Given information —
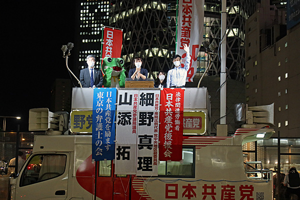 新宿西口で「日本共産党を励ます東京の弁護士の会」が街頭演説会をやってました。
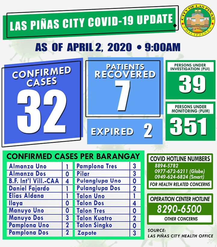 (Eagle News)–The number of coronavirus disease 2019 cases in Las Piñas has reached 32.
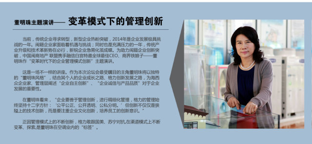 為助力閩籍企業(yè)家創(chuàng)新突破,11月28日,中國閩商地產(chǎn)聯(lián)盟攜手融信白宮舉辦“全球閩商盛宴共話商道群英會”論壇,格力集團董事長董明珠將出席盛宴,發(fā)表“變革時代下的企業(yè)管理模式創(chuàng)新”主題演講,與福建各界資深管理者論道商海突圍戰(zhàn)略,為福建中小企業(yè)轉(zhuǎn)型與突破助力。

What you are asked to do — Where the line containing "(Eagle News)–The number" appears, begin writing out the lines exactly, and continue through the end of the material above, omitting pictures.

The completed task —
 (Eagle News)–The number of coronavirus disease 2019 cases in Las Piñas has reached 32.
 為助力閩籍企業(yè)家創(chuàng)新突破,11月28日,中國閩商地產(chǎn)聯(lián)盟攜手融信白宮舉辦“全球閩商盛宴共話商道群英會”論壇,格力集團董事長董明珠將出席盛宴,發(fā)表“變革時代下的企業(yè)管理模式創(chuàng)新”主題演講,與福建各界資深管理者論道商海突圍戰(zhàn)略,為福建中小企業(yè)轉(zhuǎn)型與突破助力。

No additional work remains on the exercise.